Dokter Paru: Pemerintah Perlu Tingkatkan Kembali 3 T untuk COVID-19

Rochimawati
·Bacaan 2 menit

VIVA – Pemerintah telah mengeluarkan peraturan larangan mudik Lebaran mulai 6 Mei sampai 17 Mei, guna menghindari penularan virus COVID-19 dan jangan sampai terjadi tsunami COVID-19 seperti di India. Perhimpunan Dokter Paru Indonesia (PDPI) pun meminta pemerintah untuk kembali memperketat 3 T atau Testing, Tracing dan Treatment.

“Pada Idul Fitri 1441 Hijriyah tahun lalu, dapat kita lihat tren kenaikan kasus 14 hari setelah hari Idul Fitri dengan kenaikan laju positif harian yang meningkat. Hal ini menunjukkan penyebaran COVID-19 yang semakin luas dan tidak terkontrol. Dan kita tidak ingin terulang lagi pada Lebaran tahun ini," kata Ketua Umum PDPI, DR. Dr. Agus Dwi Susanto, Sp.P(K), FISR, FAPSR, saat jumpa pers secara daring, Rabu 5 Mei 2021.

Dokter Agus menambahkan, melihat perilaku masyarakat dua minggu ke belakang, dengan semakin kentalnya suasana Ramadhan, semakin banyak pula kegiatan-kegiatan kumpul massa seperti buka puasa bersama, berdesak-desakan di pusat perbelanjaan, hingga mudik ke kampung halaman yang sayangnya dilakukan tanpa kepatuhan terhadap protokol kesehatan yang baik.

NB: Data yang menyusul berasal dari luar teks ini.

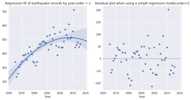 plt.title('Regression fit of earthquake records by year,order = 2')
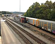 The Western Maryland Railroad's line crossed the Alleghenies from Cumberland and entered Connellsville on the right side of the Youghiogheny River, connecting with two separate railroad companies. The first connection was with the Pittsburgh and Lake Erie Railroad's line from Pittsburgh which continued down the right side of the river to Pittsburgh. This was in direct competition with the B & O directly across the river. The second connection of the Western Maryland was to the Norfolk and Western Railroad which crossed the river to the left side on the former Pittsburgh & West Virginia railroad bridge.

"Pelajaran yang mahal sudah bisa didapatkan adalah dari India, di mana sebelumnya diketahui adalah salah satu negara dengan Testing, Tracing, dan Treatment (3T) terbaik di dunia. Namun akibat kelalaian dengan adanya acara-acara kumpul masa sejak bulan Maret hingga April lalu menyebabkan kolapsnya sistem kesehatan di negaranya," kata Ketua Pokja Infeksi PP-PDPI dokter DR. Dr. Erlina Burhan, MSc, Sp.P(K) di tempat yang sama.

Karena itu, dokter Erlina meminta supaya 3 T kembali ditingkatkan oleh pemerintah. Karena jika hal itu tidak dilakukan lagi,dikhawatirkan menjadi potensi terjadinya ledakan kasus baru COVID-19, seperti yang sudah terjadi di India.

“Jangan sampai tragedi di India terulang di Indonesia, apalagi sudah terdeteksi 10 kasus varian baru di Indonesia,” ujarnya.

Menurut dokter Erlina, sifat varian baru belum diketahui secara persis, apakah varian tersebut dapat meningkatkan penularan, atau dapat menurunkan efektivitas vaksin atau meningkatkan keparahan manifestasi COVID-19.

"Seluruh masyarakat tidak boleh lengah hanya karena jumlah kasus baru sempat turun, atau karena sudah divaksin. Karena jika kita lengah sedikit saja, ancaman gelombang kedua dari pandemi COVID-19 di Indonesia dapat menjadi kenyataan. Jangan sampai terlena, kasus baru COVID-19 di Indonesia bisa kembali naik! dan bisa terus melonjak apabila kita lengah dan tidak konsisten menjalankan protokol kesehatan," katanya.